Kate Bush, los trabajos y las noches

A 63 años de su nacimiento, repasamos la obra vanguardista y popular de la música inglesa.

Foto de portada: Clive Arrowsmith

 

Las autodefiniciones estéticas por parte de un artista siempre son bienvenidas —por pereza o comodidad— a la hora de escribir sobre ellos: Catherine Bush (Kent, Inglaterra, 30 de julio de 1958) nombró a su sexto disco The Sensual World y ese debería haber sido el título de esta nota, de no caer la traducción al castellano en una denotación fácil de erotismo.

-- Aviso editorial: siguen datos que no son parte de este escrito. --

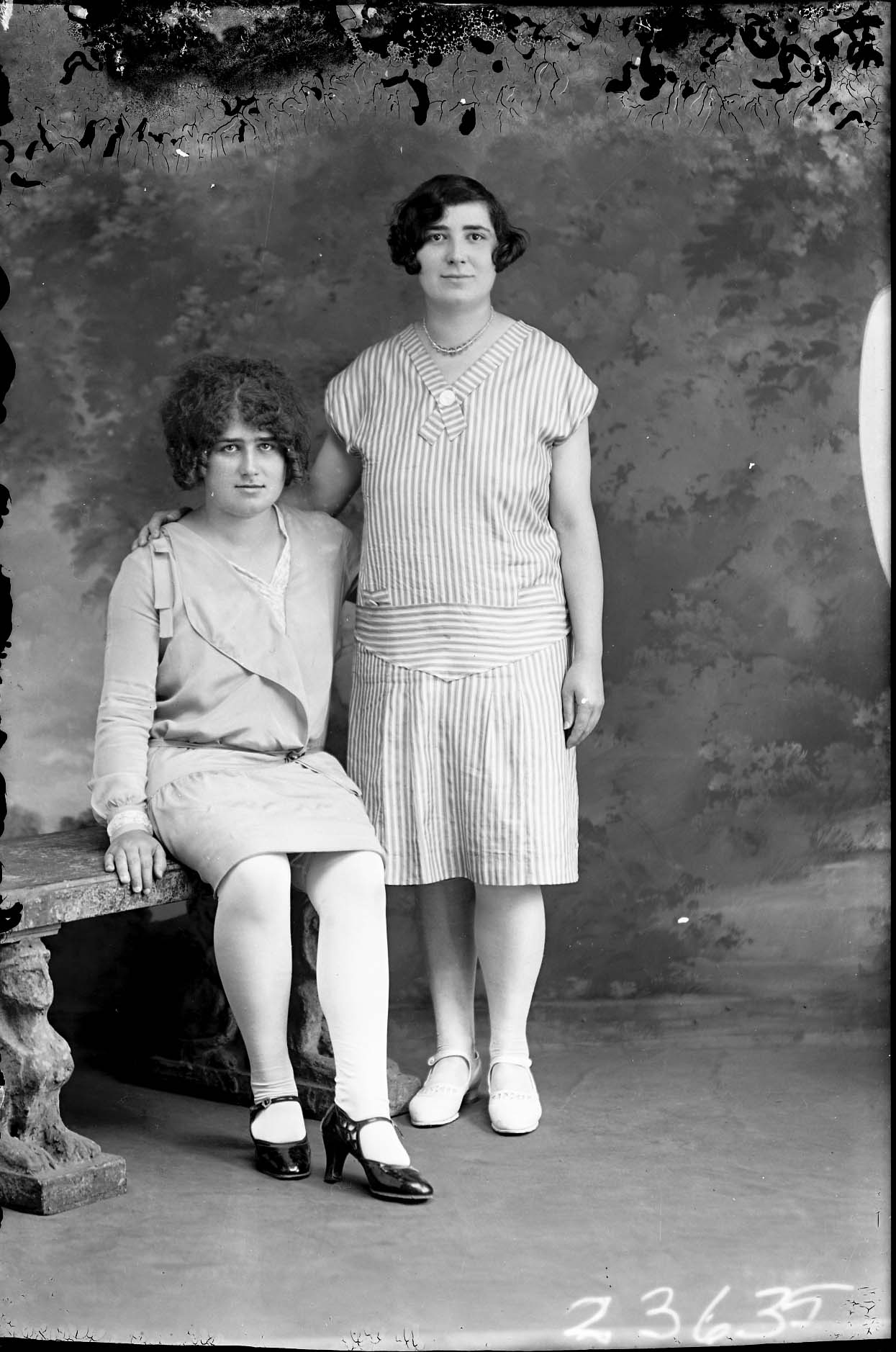Two unidentified women, one seated and one standing, are posed together.

Sí, el tema homónimo (basado originalmente en el famoso monólogo de Molly Bloom del Ulises de James Joyce) es una exaltación del goce en el encuentro del cuerpo del Otro/a, pero también de la escala mayor del deleite sensorial que brinda la existencia. Esa lupa en lo micro que se funde al mismo tiempo en un gran cuadro macro—como el informe de un día del escritor irlandés— puede ser una buena manera de empezar a acercarse a la obra de Kate Bush, muy sintomática de tensiones dialécticas.

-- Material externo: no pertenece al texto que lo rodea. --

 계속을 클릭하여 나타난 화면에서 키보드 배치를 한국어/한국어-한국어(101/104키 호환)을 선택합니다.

¿Dónde poner a Kate Bush en el mapa de la cultura de rock y aledaños? En primera medida, no sería descabellado traer a cuento a los solistas/cantautores más experimentales de la década del 70, como Peter Hammill, Tim Buckley o Captain Beefheart. Por supuesto, no se pueden dejar afuera sus contrapartidas femeninas, como Nico, Dagmar Krause —Bush tiene una cercanía tímbrica clara con ella— y Yoko Ono, con quien comparte ese motto de llevar la voz humana a sus últimas consecuencias. Ya en los 80 propiamente dicho, su década de esplendor, sus pares más directos pueden ser los cultores del art rock(pop) como David Sylvian, Talk Talk o el propio Peter Gabriel.

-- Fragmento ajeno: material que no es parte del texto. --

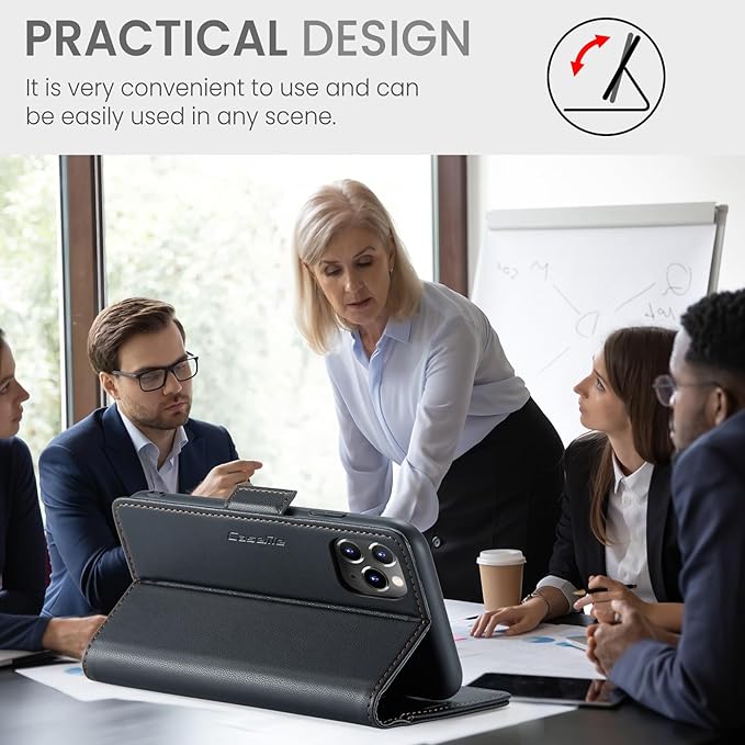 - [Multifunctional] This iPhone 11 Pro Max Flip Wallet Leather Case with Adjustable Stand frees up your hands by allowing you to watch videos or movies at the best angle.Whether you're studying,working,exercise or entertainments, this wallet case will meet your needs.

A la vez, Bush llegó en términos de popularidad más lejos que la mayoría de ellos. ¿Bowie? No, Kate Bush no fue cambiando de trajes; sin dejar de tomar todo lo que le gustara de donde hiciera falta —como hacen los grandes artistas—, sea literatura (Brontë, Joyce), cine (Tourneur, Truffaut, Kubrick), danza, ¡mimo!, folklore búlgaro/irlandés o tecnología musical de punta, prácticamente creó su propio nicho dentro de la música popular, lo cual nos lleva al siguiente párrafo, no sin antes decir que quizá el punto de comparación más válido sea Prince en su cruce dialéctico de vanguardia y manejo del idioma —y sentir— popular.

Kate Bush en la cultura popular de los últimos cuarenta años es una huella o una impronta donde pisan las (y los) demás, una manera de hacer o encarar las cosas. Cuando Fiona Apple lanza su Fetch the bolt cutters y las reseñas hablan de salto al vacío, los ecos dicen Kate Bush. Esto ya pasaba en los 90 con la aparición de pesos fuertes como Bjök o Tori Amos, que blanqueaban su influencia, pero esto no es una cuestión de género, o no estrictamente, al menos. El repaso de quienes saludaron públicamente el arte de Bush va desde grandes actos experimentales británicos de las últimas cuatro décadas—This Heat, Coil, Cocteau Twins— al hip hop de Outkast, pasando por Suede, Tricky, Erasure, St Vincent, Regina Spektor y demasiada gente —más y heterogénea— para mencionar, entre ellos otro de ascendencia irlandesa que gusta de usar la voz humana como un instrumento, un tal John Lydon.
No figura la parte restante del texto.